*WHAT THE TASK REQUIRES*. Keep the images out while you set down the data exactly.

*MATERIAL PROVIDED*.
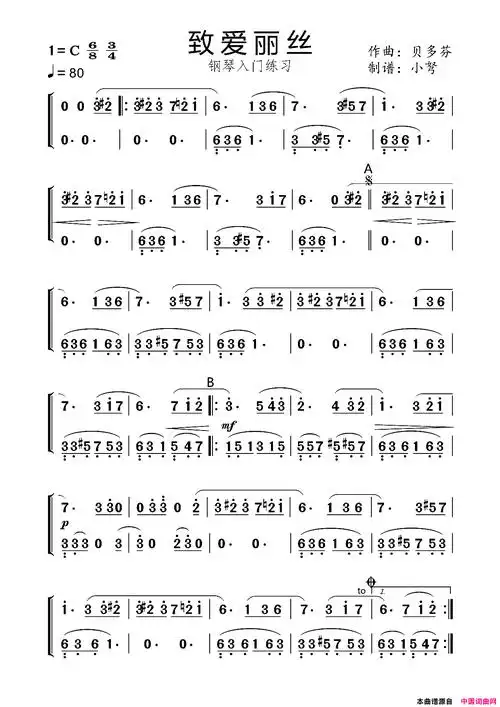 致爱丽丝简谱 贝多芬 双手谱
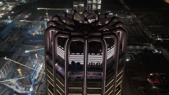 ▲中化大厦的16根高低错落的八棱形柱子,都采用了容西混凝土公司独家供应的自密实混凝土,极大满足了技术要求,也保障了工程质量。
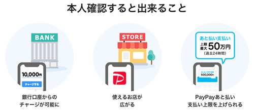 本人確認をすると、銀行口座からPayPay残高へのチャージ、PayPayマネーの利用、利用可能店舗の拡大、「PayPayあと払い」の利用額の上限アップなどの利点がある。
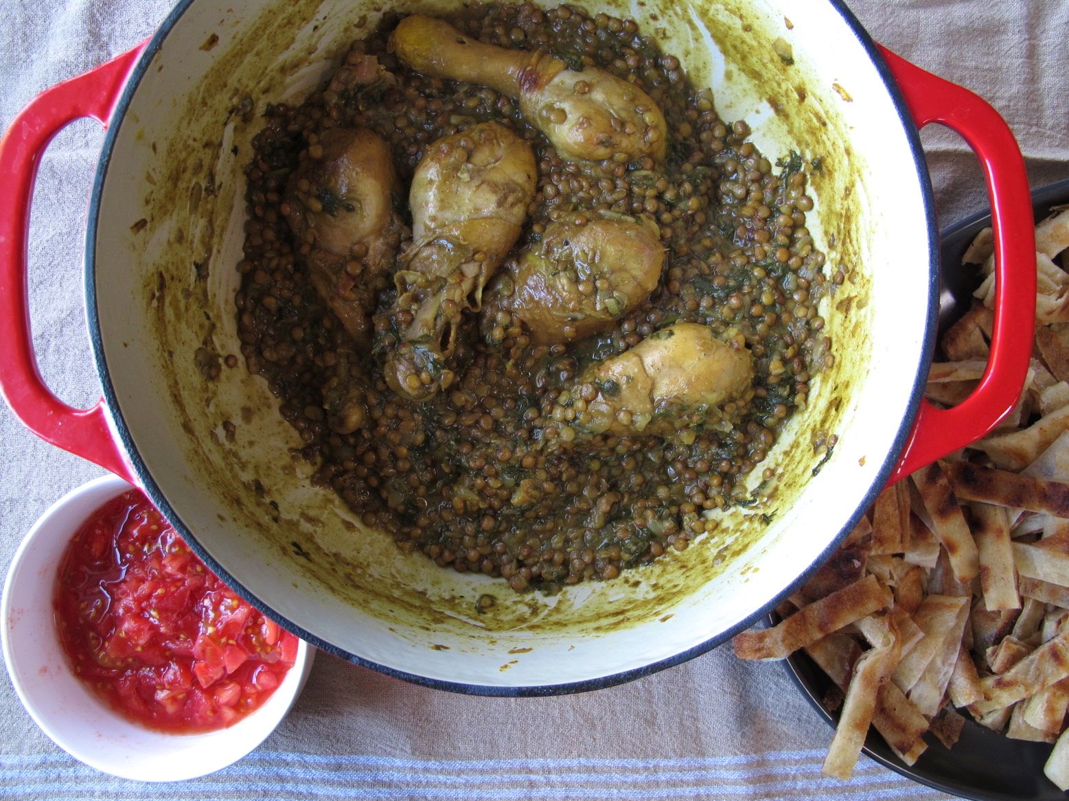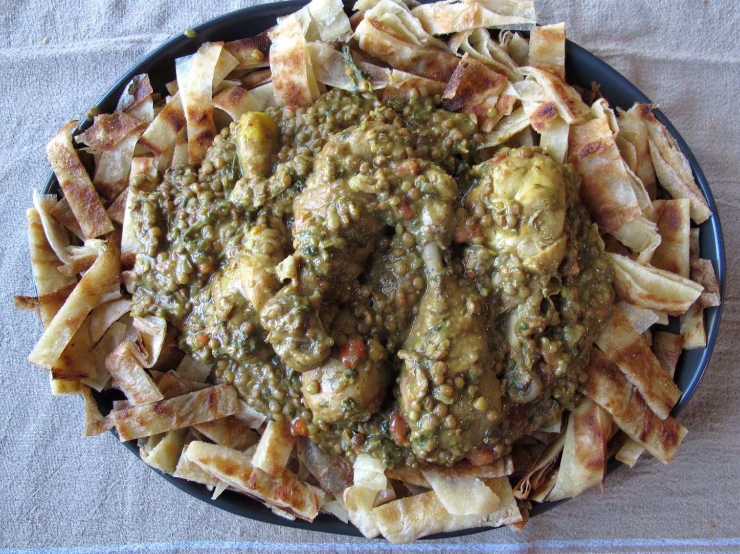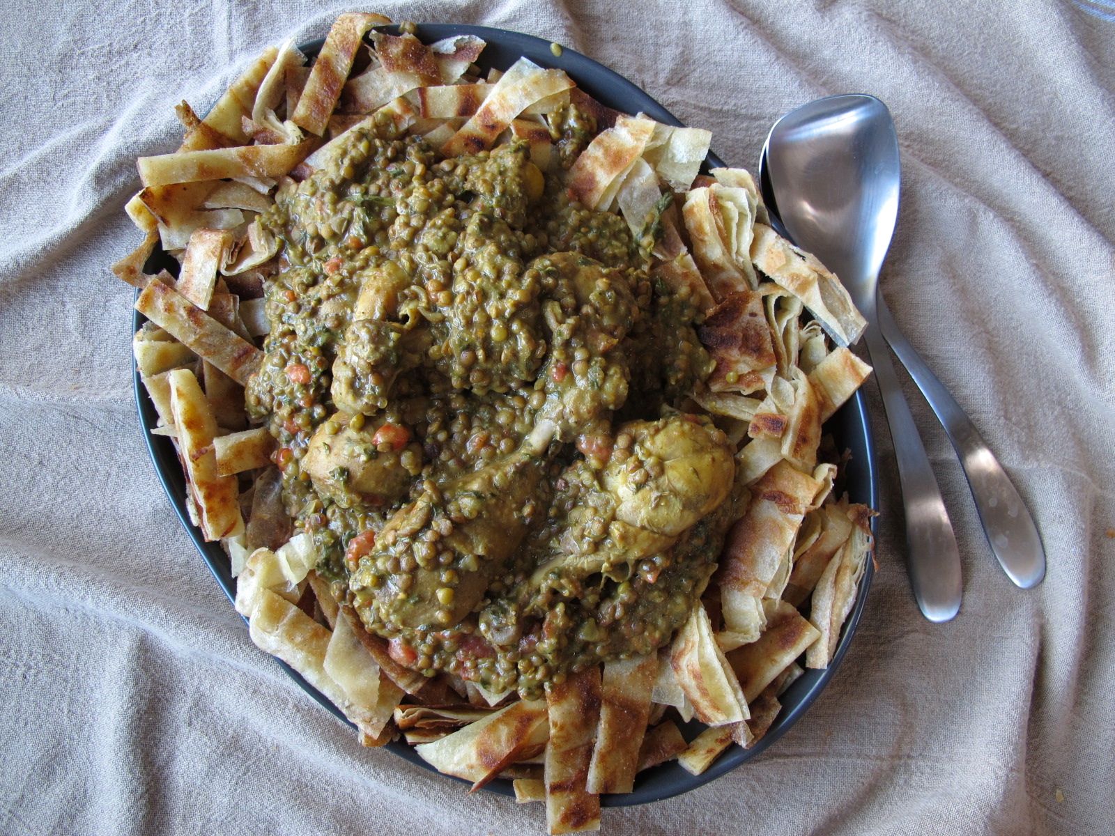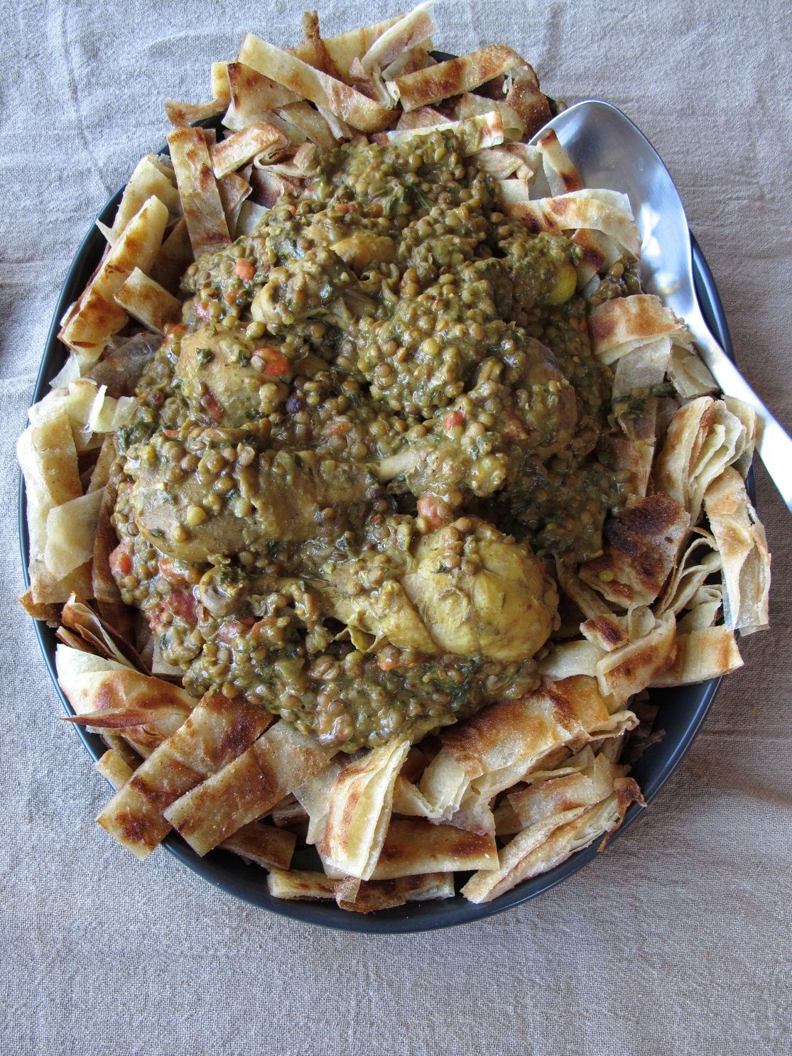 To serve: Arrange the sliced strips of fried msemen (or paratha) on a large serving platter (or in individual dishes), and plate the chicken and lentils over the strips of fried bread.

*RESULT OF THE EXERCISE*.
 致爱丽丝简谱 贝多芬 双手谱
 ▲中化大厦的16根高低错落的八棱形柱子,都采用了容西混凝土公司独家供应的自密实混凝土,极大满足了技术要求,也保障了工程质量。
 本人確認をすると、銀行口座からPayPay残高へのチャージ、PayPayマネーの利用、利用可能店舗の拡大、「PayPayあと払い」の利用額の上限アップなどの利点がある。
 To serve: Arrange the sliced strips of fried msemen (or paratha) on a large serving platter (or in individual dishes), and plate the chicken and lentils over the strips of fried bread.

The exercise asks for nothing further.